Programming languages for Spark :

  • Scala
  • Python
  • Java
  • R
  • SQL
Spark support 2 operations :
  • Transformations
  • Actions
RDD (Resilient Distributed Dataset) : Entire Spark is built on the base concept called RDD. Below 2  operations are supported by RDD.
  • Transformations
  • Actions
Features of Spark :
  • Distributed, Partitioned, Replicated
    • Note that if data is mutable then it will be hard to distribute, partition and replicate
    • Hence Spark required Immutability feature
  • Immutability
    • We can't change the data
    • By design, Spark is purely designed for Analytical operations(OLAP)
    • It do support transactional operations using some 3rd party tools
  • Cacheable 
    • To reuse data we cache it
    • If information is static, no need to recompute it, for example factorial of 5 is always 120, cache this to serve this operation in repeated manner
    • Note that Map Reduce in Hadoop doesn't have this feature
  • Lazy Evaluation
    • See below explanation for lazy evaluation
    • Thus if the code is not efficient, Spark will help to optimize it using Lazy evaluation
    • You may get significant performance using this feature
  • Type Infer
    • Automatically identifies the type of data based on the value asssigned
    • Example : 
      • a = 10 (Value is 10, so a is int)
      • str = "Arun" (Value is Arun, so it is string)
    • It is a feature of Scala as well

Explanation for Lazy evaluation : 
  • There are 2 approaches to execute code
    • Top Down approach (It will execute line by line top to bottom)
    • Bottom UP approach (It verify, optimize and understand what to execute)
    • Spark will follow Bottom-Up approach
  • In below code, we just need to print the value of C and to achieve this, we need the values of a, b
  • We do not need to compute lines 1, 2, 3 as we don't need them in this scenario where we need to print the value of C
  • Hence Spark will optimize this code and execute only line 4, 5, 6, 7 to make this computation fast
  • It doesn't mean that Spark will ignore first 3 lines, but it will optimize and compute only those lines which are need to finish given task
Line 1 :  x = 10
Line 2 :  y = 20
Line 3 :  z = x + y
Line 4 :  a = 100
Line 5 :  b = 200
Line 6 :  c = a + b
Line 7 :  print(c)

Understanding the approach to run Spark programs :

  • We can use Databricks community addition to run Spark code using Scala, Java and Python
  • But incase if some one is using standalone approach like from local computer after installing VMWare, Linux, Hadoop, Spark, Scala etc. then please see below screen shots to understand how to open those terminal prompts and connect to required environment.
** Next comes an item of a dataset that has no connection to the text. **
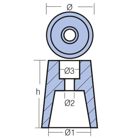 Tecnoseal, Zink für 1141488, 45mm (h: 76 mm, Ø1: 48 mm, Ø2: 11 mm, Ø3: 24 mm)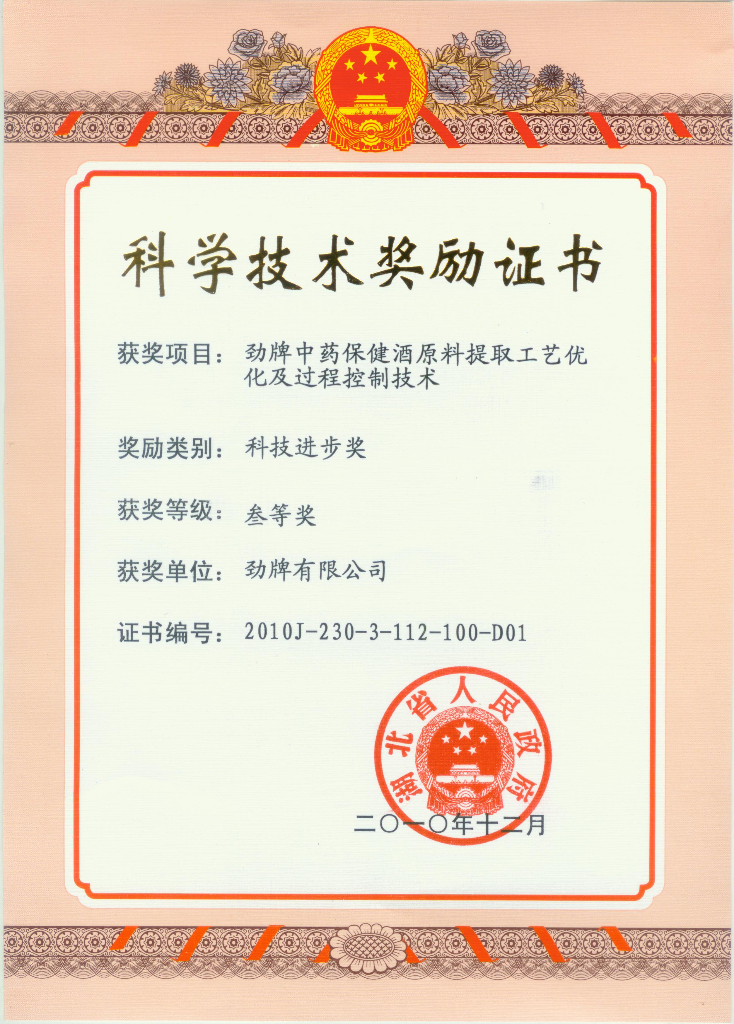 勁牌中藥保健酒原料提取工藝優(yōu)化及過(guò)程控制技術(shù)

  • To login to Spark shell to use SCALA
    • Command : spark-shell
  • To login to Spark shell to use Python
    • Command : pyspark
  • Note by default Spark will use PORT no 4040 (first screenshot), if this port no is in use then it will increment by and use PORT no 4041 (second screenshot)
  • We have started spark-shell first and 4040 port no assigned to this, after that we have started pyspark and 4041 PORT no is assigned (as 4040 is already in use by spark-shell)
  • Simply use Databricks by just creating a Spark cluster.

  • Using the link displayed in terminal, we can visualize Spark environment is browser as shown in above screenshot
  • Also note that in above screen shots, JPS output is showing a process called spark-submit, this is a deployment concept of Spark. Just keep this is mind, we can see more information on spark-submit in coming blogs.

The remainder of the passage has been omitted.